DNA replication allows genetic information to be passed from one generation to the next. But how is the information used? To answer that question, we must first look at how genetic information is organized. The basic unit of genetic information is the gene. Genes have been regarded in several ways. At first, it was thought that a gene contained information for the synthesis of one enzyme—the one gene–one enzyme hypothesis. This was modified to the one gene–one polypeptide hypothesis because of the existence of enzymes and other proteins composed of two or more different polypeptide chains (subunits) coded for by separate genes. A segment of DNA that encodes a single polypeptide is sometimes termed a cistron. However, not all genes encode proteins; some code instead for ribosomal RNA (rRNA) and transfer RNA (tRNA) (figure 13.18). Synthesis of RNA from a DNA template is called transcription, and the RNA product has a sequence complementary to the DNA template directing its synthesis. Transcription generates three major kinds of RNA. tRNA carries amino acids during protein synthesis, and rRNA molecules are components of ribosomes. Messenger RNA (mRNA) bears the message for protein synthesis. Thus a gene might be defined as a polynucleotide sequence that codes for one or more functional products (i.e., a polypeptide, tRNA, or rRNA). In this section, we consider the structure of each of these three types of genes.

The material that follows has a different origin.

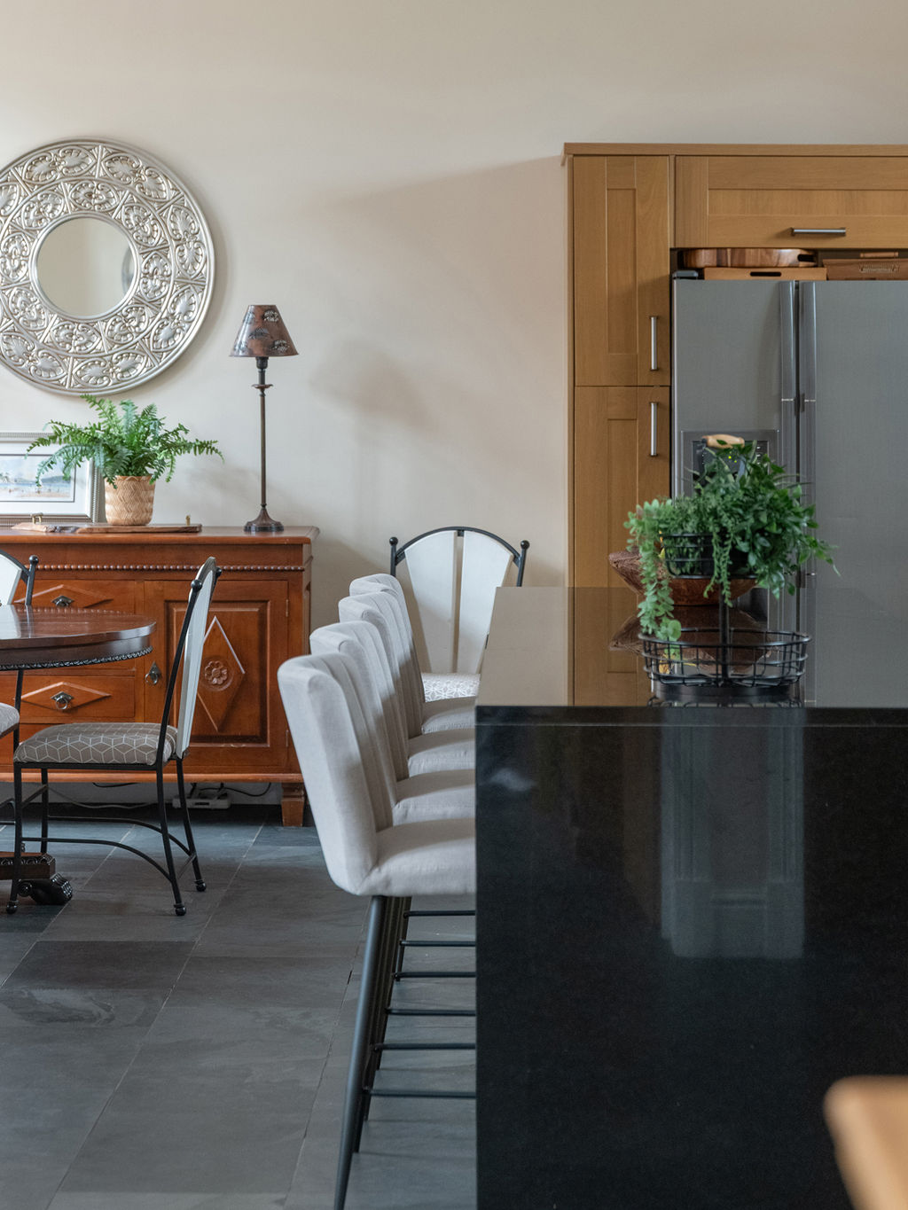 Across the hallway, a second reception room is currently used as a playroom, though equally well suited to a study or snug. A shower room sits adjacent, while to the rear of the property, the open-plan kitchen, dining and living area forms the hub of the home. This expansive space is framed by tall windows set into sandstone surrounds, with views across the courtyard and direct access to the rear garden via a stable-style door. The kitchen is fitted with a broad granite-topped island and matching work surfaces, complemented by premium appliances including a Rangemaster range cooker, a dishwasher and integrated microwave. Full-height cabinetry offers useful storage, while the adjoining utility room provides additional workspace, a second sink, and space for laundry appliances.

Most of the genes found in bacterial genomes encode proteins; these are called structural genes. However, DNA does not serve directly as the template for protein synthesis. Rather, the genetic information in the gene is transcribed to give rise to a messenger RNA (mRNA), which is translated (section 13.7) into a protein (figure 13.18). For this to occur, protein-coding genes must contain signals that indicate where transcription should start and stop, and signals in the resulting mRNA that indicate where translation should start and stop. As we describe in more detail in section 13.5, during transcription only one strand of a gene directs mRNA synthesis. This strand is called the template strand, and the complementary DNA strand is known as the sense strand (figure 13.19). Messenger RNA is synthesized from the 5′ to the 3′ end in a manner similar to DNA synthesis. Because the template strand and the mRNA are complementary to one another, the sequence of the mRNA is the same as the sense strand, with uracil substituted for thymine. In other words, a human reading the sense strand can read the nucleotide sequence of the gene in the correct order, even though this is not the strand used as the template.

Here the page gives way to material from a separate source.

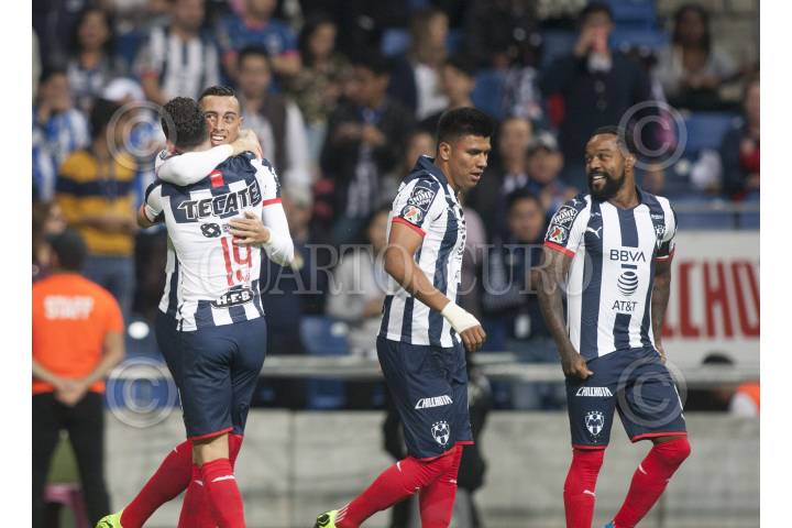 MONTERREY, NUEVO LEÓN, 28NOVIEMBRE2019.- Jugadores del equipo de los Rayados del Monterrey, celebran el gol, ante el equipo de Santos en el estadio BBVA Bancomer, partido correspondiente a cuartos de final en la Liguilla, Apertura 2019. Marcador Final: Monterrey: 5 - Santos: 2 FOTO: GABRIELA PÉREZ MONTIEL /CUARTOSCURO.COM

An important site called the promoter is located at the start of the gene. The promoter is the binding site for RNA polymerase, the enzyme that synthesizes RNA. The promoter is neither transcribed nor translated; it functions strictly to orient RNA polymerase so it is a specific distance from the first DNA nucleotide that will serve as a template for RNA synthesis. The promoter thus specifies which strand is to be transcribed and where transcription should begin. As we discuss in chapter 14, the sequences near the promoter often are very important in regulating when and at what rate a gene is transcribed. Regulation of transcription initiation saves considerable energy and materials (section 14.2)

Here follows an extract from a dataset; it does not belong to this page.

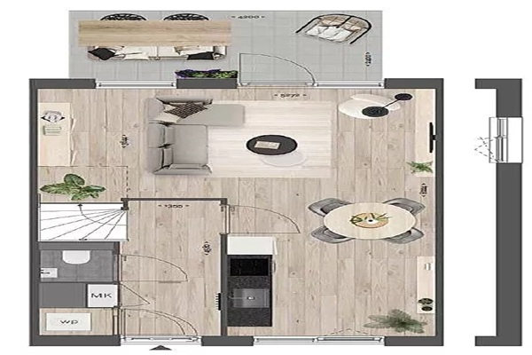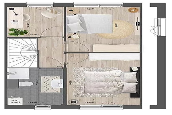 Deze hoekwoning heef een woonkamer met open keuken. De keuken is voorzien van een vaatwasser, inductiekookplaat met afzuigkap en een koelkast. De woonkamer heeft openslaande deuren naar het terras. Op de benedenverdieping bevindt zich tevens het toilet, warmtepomp en de meterkast. Op de eerste verdieping ligt de badkamer en 3 slaapkamers. De badkamer is voorzien van een inloopdouche, wastafel, tweede toilet en de aansluiting voor de wasapparatuur. De slaapkamers zijn 13, 11 en 6 m2.

The transcription start site (labeled +1 in figure 13.19) represents the first nucleotide in the mRNA synthesized from the gene. However, the initially transcribed portion of the gene does not code for amino acids. Instead, it is a leader that is transcribed into mRNA but is not translated into amino acids. In bacteria, the leader includes a region called the Shine-Dalgarno sequence, which is important in the initiation of translation. The leader sometimes is also involved in regulation of transcription and translation. Attenuation and riboswitches stop transcription prematurely (section 14.3); RNA secondary structures control translation (section 14.4)
Immediately next to (and downstream of) the leader is the most important part of the gene, the coding region (figure 13.19). The coding region typically begins with the template DNA sequence 3′-TAC-5′. This is transcribed into the start codon, 5′-AUG-3′, which codes for the first amino acid of the polypeptide encoded by the gene. The remainder of the coding region specifies the sequence of amino acids for the rest of the protein. The coding region ends with a sequence that signals the end of the protein and stops the ribosome during translation. The stop signal is immediately followed by the trailer, which is transcribed but not translated. The trailer contains sequences that prepare RNA polymerase for release from the template strand. Indeed, just beyond the trailer (and sometimes slightly overlapping it) is the terminator. The terminator is a sequence that signals RNA polymerase to stop transcription.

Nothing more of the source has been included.